Thursday, 14 March 2024

The Shoulders We Stand On

Vanessa Pearce recalls events pointing the way to those which have recently begun at Rochdale:

It has been 40 years since the national miners’ strike that saw the biggest industrial dispute of post-War Britain. Among those showing support were black and Asian groups, set up in the wake of racist violence in the preceding years.

What follows is the story of some of those whose experience of racism drove them to the collieries.

It is early morning in the not-quite-mid-1980s. An oversleeping young man is woken by pebbles being thrown against his bedroom window. Doing the throwing is friend Mukhtar Dar – a founding member of the Sheffield Asian Youth Movement (AYM) who would go on to set up a similar anti-racism collective in Birmingham.

“He came down, rubbing sleep out of his eyes,” Mr Dar recalls. Now together, and just about awake after several house-to-house calls, the group sets off by minibus for Orgreave, a colliery in South Yorkshire.

At the scene, they find a “massive picket line”, plus police “in huge numbers” with horses and riot shields. It is a picture mirrored at other sites across the country as workers take action against National Coal Board plans to shut 20 collieries – proposals supported by Prime Minister Margaret Thatcher’s government.

After the group arrives, Mr Dar remembers, one miner turns around, looks at them and is heard to ask, rhetorically, what they are doing there. Except smack bang in the middle of his inquiry is a pointed racial slur – and one not uncommon to the group's ears.

“The young lad that I had woken up turned to me and said ‘this is bloody good isn’t it? You wake me up at six in the morning, only to get this racism from the ones we came to support’.”

In 1984, Mr Dar takes a moment and responds to his friend.

“I said ‘look bro, we can see the bars… but some of them can’t’.”

It was Mr Dar’s view that, while not immediately apparent to all, there were wider political issues at stake.

The backdrop to the miners’ strike was mass unemployment, poor housing and lack of welfare provision around the country, said Mr Dar, now 62 and artistic director of Birmingham arts organisation Kalaboration.

Running alongside those conditions were outbreaks of racist violence, with Mr Dar turning to activism after being chased by a “van load of racists” carrying iron bars and baseball bats. In cities across England, he said, AYMs emerged.

In his view it was the largest grassroots political movement in the history of UK South Asian communities, for which he recruited student Palvinder Singh Gill whose brother Satnam had been murdered in a racist attack in Coventry in 1981.

In some political quarters, he continued, the depressed social conditions were linked directly to immigrant communities, “so we became the scapegoats, and that then fuelled [the] violence”, with far right organisations such as the National Front and Combat 18 coming “out of the gutters”.

“And what I was going through was echoed very much by every single Asian youth at the time, and so it was a collective experience," he said.
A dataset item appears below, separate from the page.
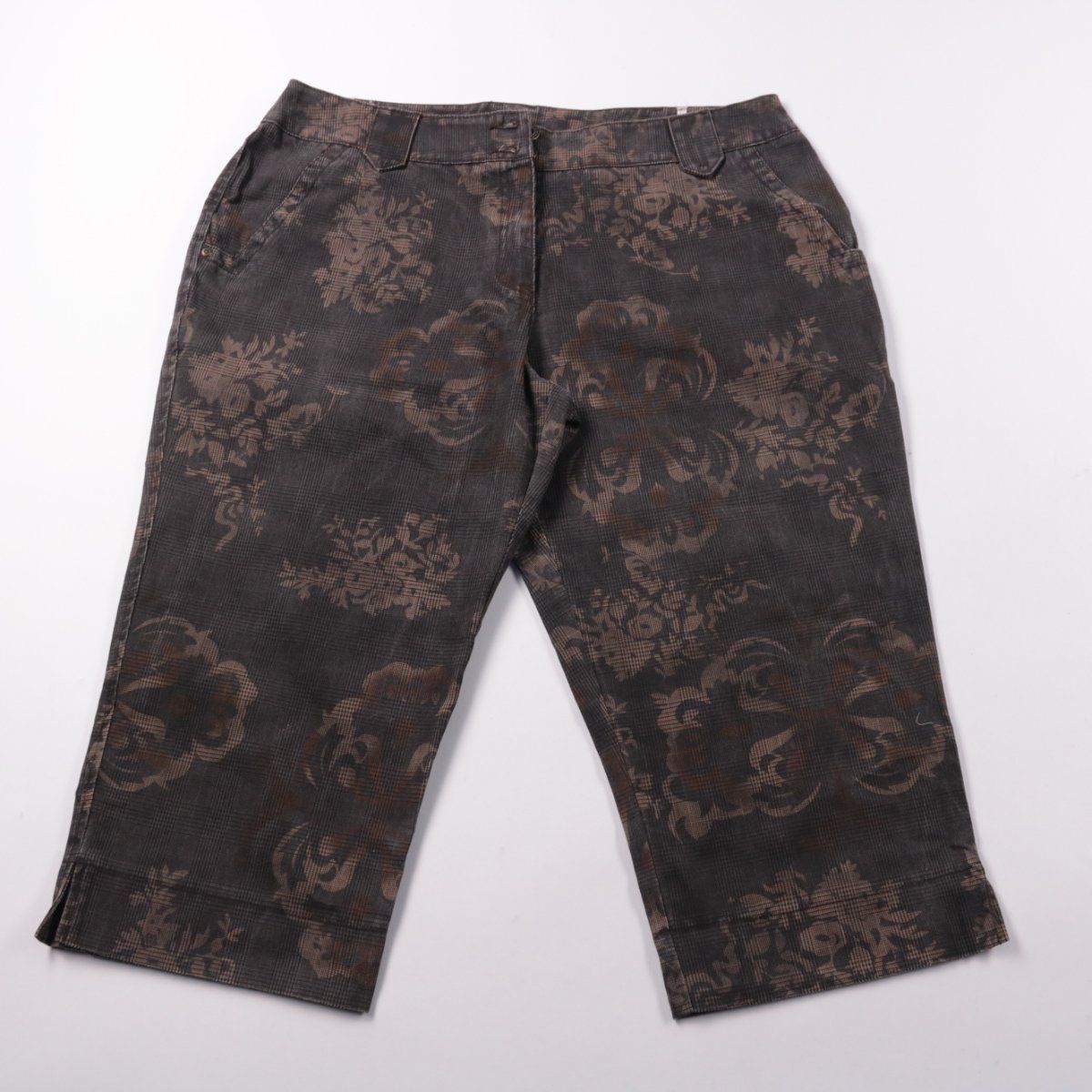 Брюки M&S укороченной длины с цветочным принтом на тёмной основе. Подойдут для повседневных образов в демисезон с однотонными топами и жакетом. Практичный смесовый материал (хлопок с полиэстером) меньше мнётся и проще в уходе.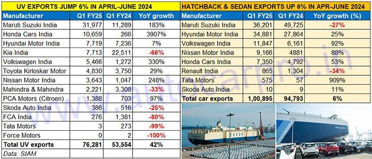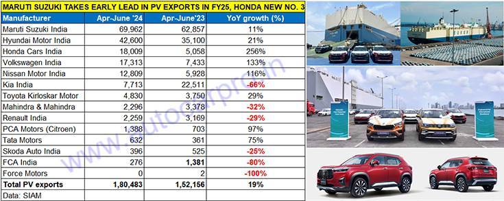 Maruti Suzuki, India’s No. 1 car and SUV exporter for the past three fiscals (FY2024, FY2023 and FY2022) has taken an early lead in overseas shipments of made-in-India passenger vehicles. As per export data released by industry body SIAM, a total of 180,483 units were exported in April-June 2024, up 19% YoY (Q1 FY2024: 152,156 units).

Also concurrent, Mr Dar said, was controversy over police stop and search powers – known as “sus”. Many critics of the scheme believed officers discriminated against young black men when applying measures that allowed them to stop and search on suspicion alone of a crime being planned.

In addition, women’s groups were taking on misogyny across a variety of public and private sectors.

“So what you had was a convergence of all of these different struggles beyond the coal fields…” Mr Dar explained. “We had no choice but to find common ground and come together.

“When we went into the mining communities, we recognised that they were just like us, fighting for their livelihood and fighting for their communities.”

It was not always so straightforward.

Historically, strikes by black and Asian workers, by groups such as the Indian Workers Association, had not necessarily been supported by the traditional trade unions.

There had also been widespread racism within the trade union movement, explained Preeti Dhillon, author of The Shoulders We Stand On: How Black and Brown People Fought For Change in the United Kingdom.

A 1976 strike at the Grunwick photo-processing factory in North London had been a “turning point”, she said.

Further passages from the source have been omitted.